Then, shockingly, I was fine. Not thrilled. Not happy. Not without deep-seated remorse. But fine. Yes, I cried a lot. And had meltdowns when I was too tired to function. And asked myself daily, “What the fuck did I do?” But in my view, that was all to be expected. For a year and a half I marveled at how not-depressed I was while caring for this baby I didn’t want.

And then the tantrums started — first his, then mine. I don’t need to describe a toddler’s tantrums to anyone who’s ever experienced one; suffice it to say, they were bad. Think hitting, hair-pulling, flailing, wailing, the works, multiple times a day, every day. Once he beaned me so hard with a milk cup he drew blood.
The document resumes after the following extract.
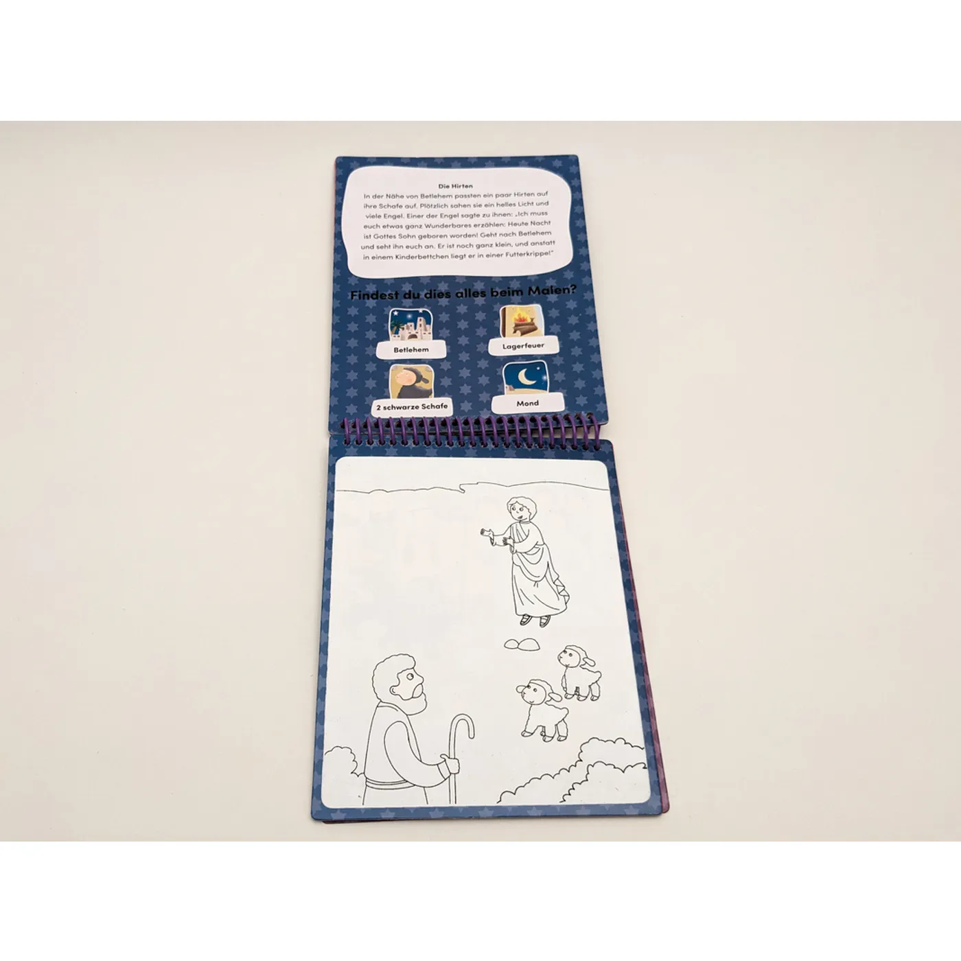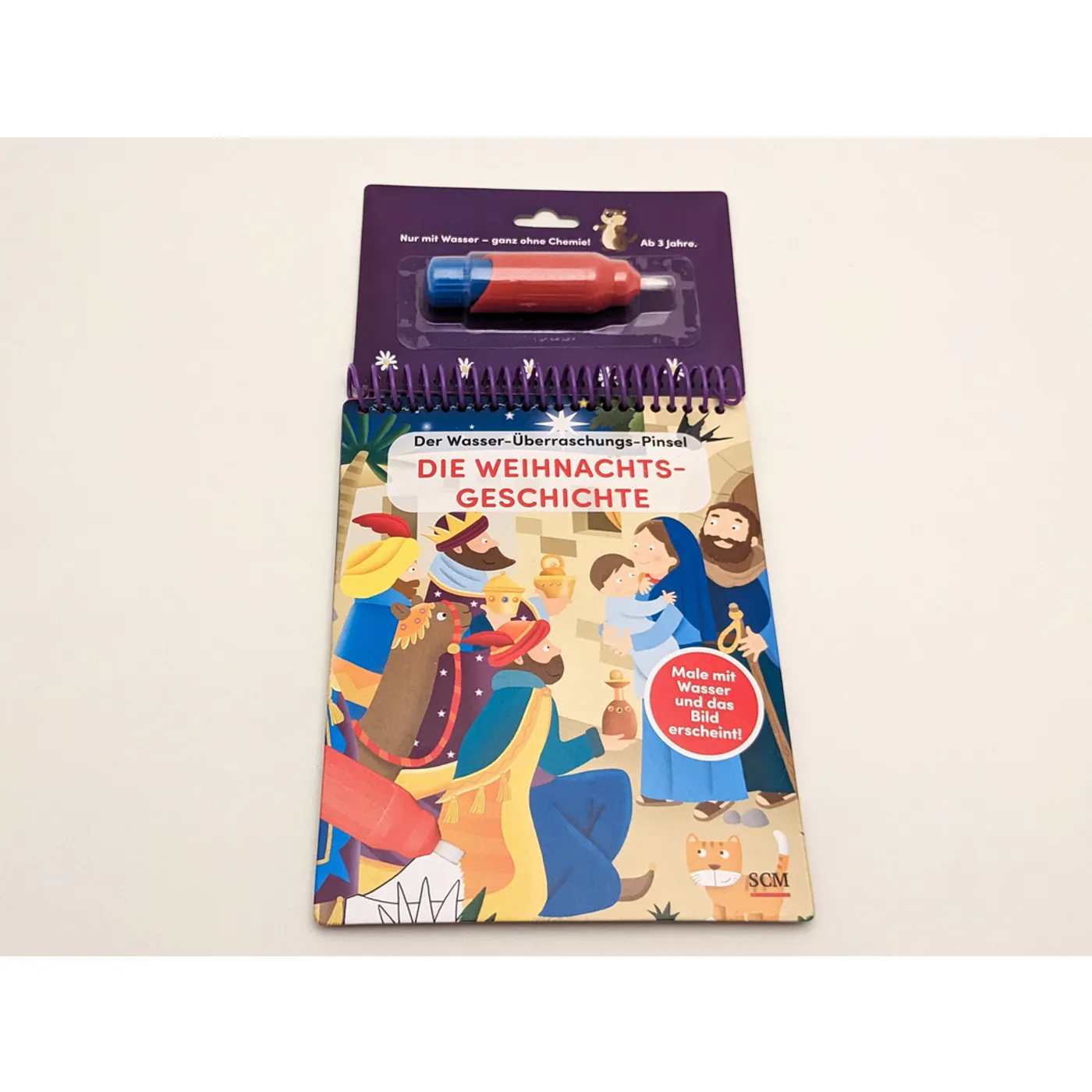 Mit diesem außergewöhnlichen Malbuch können Kinder auf spielerische Weise herausfinden, wie Jesus auf die Welt gekommen ist: Wenn man mit dem beiliegenden Pinsel über die weißen Flächen fährt, werden die farbigen Illustrationen sichtbar. Schon die Kleinsten werden staunen, wie viel sich beim Malen entdecken lässt! Sobald die bemalten Seiten trocknen, verschwindet die Farbe wieder, und man kann von vorne beginnen! Der beiliegende Wasser-Überraschungs-Pinsel lässt sich immer wieder neu mit Wasser auffüllen.

Things are kind of a miserable blur after that. We’d take strolls in the sunshine and I’d ruminate on how stupid it was to get knocked up and fantasize about a 120-week abortion. I’d replay the decisions that got me here over and over and over: how after my breast cancer diagnosis I was so confident my eggs had been sufficiently scrambled by the chemo that I didn’t bother with condoms; how it seemed the universe was telling me I had to keep this miracle baby even though I knew I didn’t want to. I saw friends with their happy families and it hurt my heart. The soundtrack of my life was the mingling of Max’s and my cries and a relentless chorus of What have I done? What have I done? What have I done?

And then on top of it all, like a sparkler in a shitty birthday cake, was the rage. Max would start tantruming, and within minutes — sometimes seconds — the anger would well up inside of me. First: a surge of adrenaline, tingling in my arms and fingers and belly, and a wild racing heart. Then a boiling heat would bubble in my chest, claw up the front of my throat and fill my head to the brim. I could feel it rising, burning the backs of my eyes, tightening my scalp, but I was powerless to stop the deluge. It was like standing in front of a tidal wave and watching it crash down on me.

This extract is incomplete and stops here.